§ **Aim of the task**: Leaving out all pictures, reproduce the entries below exactly, from the first line through the line that contains "Analisajatim.id | Sampang, –".

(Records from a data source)
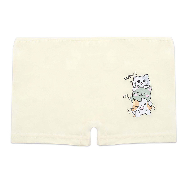 Трусы-шорты для девочки пастельно-желтого цвета станут удобным и практичным дополнением в повседневный гардероб маленькой модницы. Сбоку изображен рисунок трех забавных котят, которые поднимут настроение. Мягкая и приятная на ощупь ткань обеспечивает комфорт при носке и позволяет коже дышать.
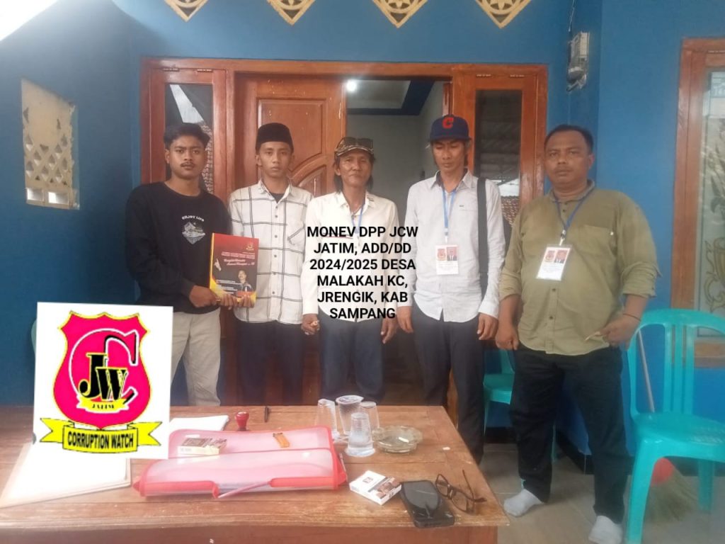 Analisajatim.id | Sampang, – Upaya memperkuat transparansi dan mencegah penyimpangan penggunaan Dana Desa terus digencarkan Dewan Pengurus Provinsi (DPP) Jatim Corruption Watch (JCW) Jawa Timur. Rabu (3/12/2025), lembaga antikorupsi tersebut melakukan monitoring ke tiga desa di Kecamatan Jrengik, Sampang, yakni Desa Malakah, Bancelok, dan Buker.
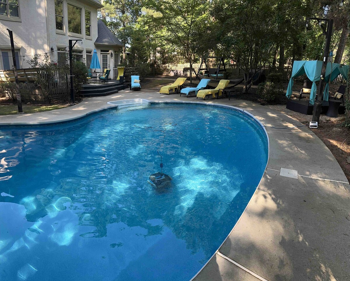 ¡Joya escondida perfecta para tu escapada en grupo o familiar para disfrutar de la Copa Mundial 2026! ¡Relájate en el cómodo sofá viendo un fuego o reclínate en la sala de cine! Relájate en el patio trasero del oasis con fogata después de darte un chapuzón en la piscina o en el jacuzzi, escuchando música, viendo las estrellas desde el mirador, columpio o hamaca. Terapeuta de masajes móvil o chef a solo una llamada de distancia ¡A 22 millas del centro de Atlanta! ¡PROHIBIDO fumar y traer mascotas! Multa de $1000/$500 NO se permiten reservaciones de terceros
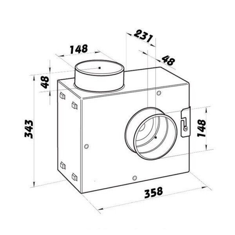 Zaboxovaný potrubní ventilátor Vents KSA 150 U s regulací teploty a otáček. Výkon 730m3/h, příruba 150mm.
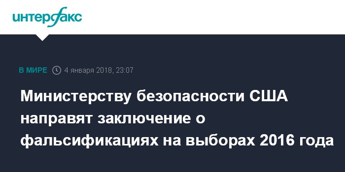 Министерству безопасности США направят заключение о фальсификациях на выборах 2016 года

§ **Solution to the problem**:
 Трусы-шорты для девочки пастельно-желтого цвета станут удобным и практичным дополнением в повседневный гардероб маленькой модницы. Сбоку изображен рисунок трех забавных котят, которые поднимут настроение. Мягкая и приятная на ощупь ткань обеспечивает комфорт при носке и позволяет коже дышать.
 Analisajatim.id | Sampang, – Upaya memperkuat transparansi dan mencegah penyimpangan penggunaan Dana Desa terus digencarkan Dewan Pengurus Provinsi (DPP) Jatim Corruption Watch (JCW) Jawa Timur. Rabu (3/12/2025), lembaga antikorupsi tersebut melakukan monitoring ke tiga desa di Kecamatan Jrengik, Sampang, yakni Desa Malakah, Bancelok, dan Buker.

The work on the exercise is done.